The body on the ground was dragged away, leaving the ruptured knapsack pushed to the side, its contents scattered. A smear marked the path the assailants took as they pulled him out of the camera's view. Blood. Lucas' blood.
Coffee was forgotten. Chills whispered down my arms, lifting the fine hairs. Horror danced along in the icy wake. Rupert raised the level of sound as the announcer spoke.
"This vicious attack is similar to those shown on television in Pre-Apocalyptic times, a memory of violence the human race has put behind us, unsuccessfully, as we see all too often. This assault reminds us once again that the final judgment has not taken place and evil still lives in the hearts of humans—" Rupert muted the sound again on his falsely pious voice.
"Violence we've put behind us?" Rupert mused. "There's a scene of a mob attacking a woman convicted of black magic in the lower screen. A mutilated body was found in the outskirts of Atlanta last week, a 'crime of passion, they're calling it.

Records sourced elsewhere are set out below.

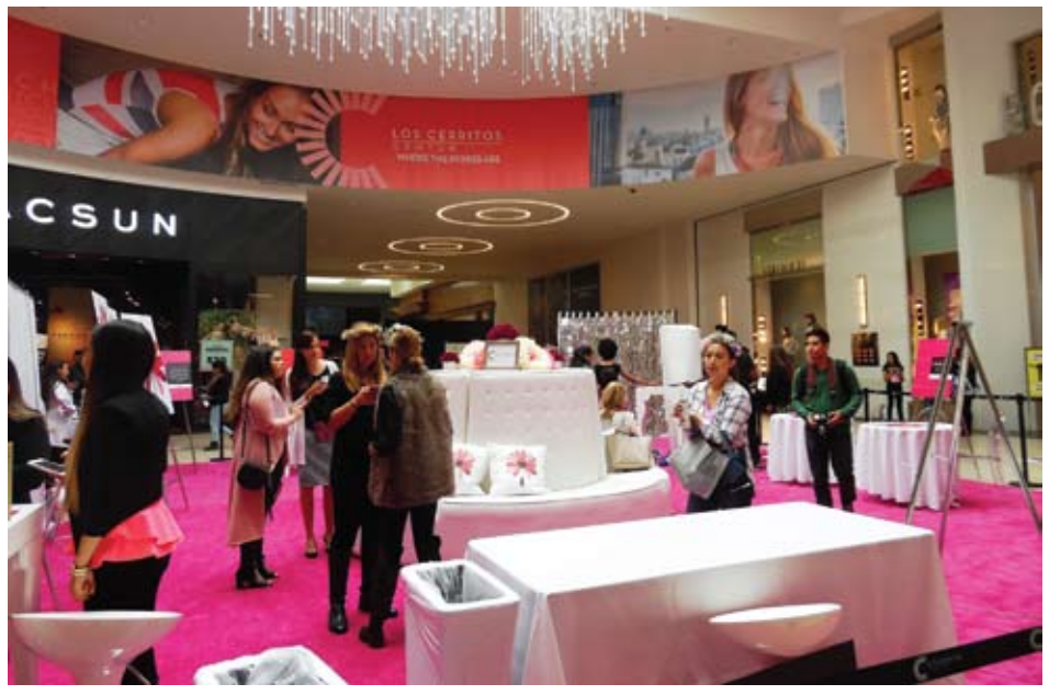
It was a full weekend of glamour and pampering for women at the Mother's Day weekend at Los Cerritos Center.
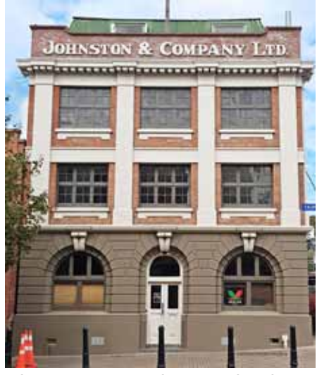
Johnston & Co. (1914), Whanganui. The only surviving reminder of one of the most important colonial mercantile houses and of the Whanganui hub of commerce and mercantile activities.

They represent a complete and significant number of building styles dating between 1860 and 1960. There are also a large number of Māori sites of significance including the St Paul's Memorial Church, Putiki which was awarded NZ Heritage Category 1 status, and numerous marae along the Whanganui River Road to the
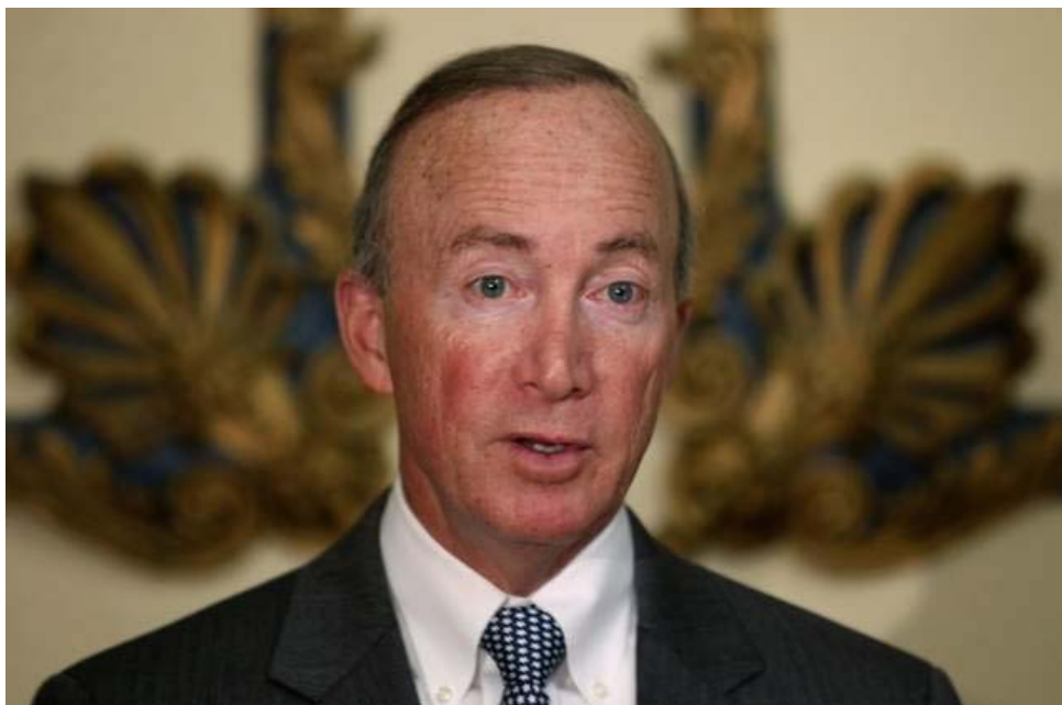
Indiana Gov. Mitch Daniels said he'll be trying to check some things off his to-do list that he has sought in earlier legislative sessions, including criminal justice and local government reforms.

The disappearance of a mule train outside Knoxville, evidence of bloody conflict buried in the snow. Might be human, might be spawn. Drained bodies near Linville. Violence is everywhere." Rupert braced himself on the huntboard. "And the media caters to the propaganda of the Administration of the ArchSeraph in hiding it all." It was a dangerous sentiment, should a kirk elder overhear. But there was worry in Rupert's voice. I could smell a trace of fear on the air. "The cops came to the door last night," he added. "They think I had Lucas kidnapped and killed to get at his part of the inheritance."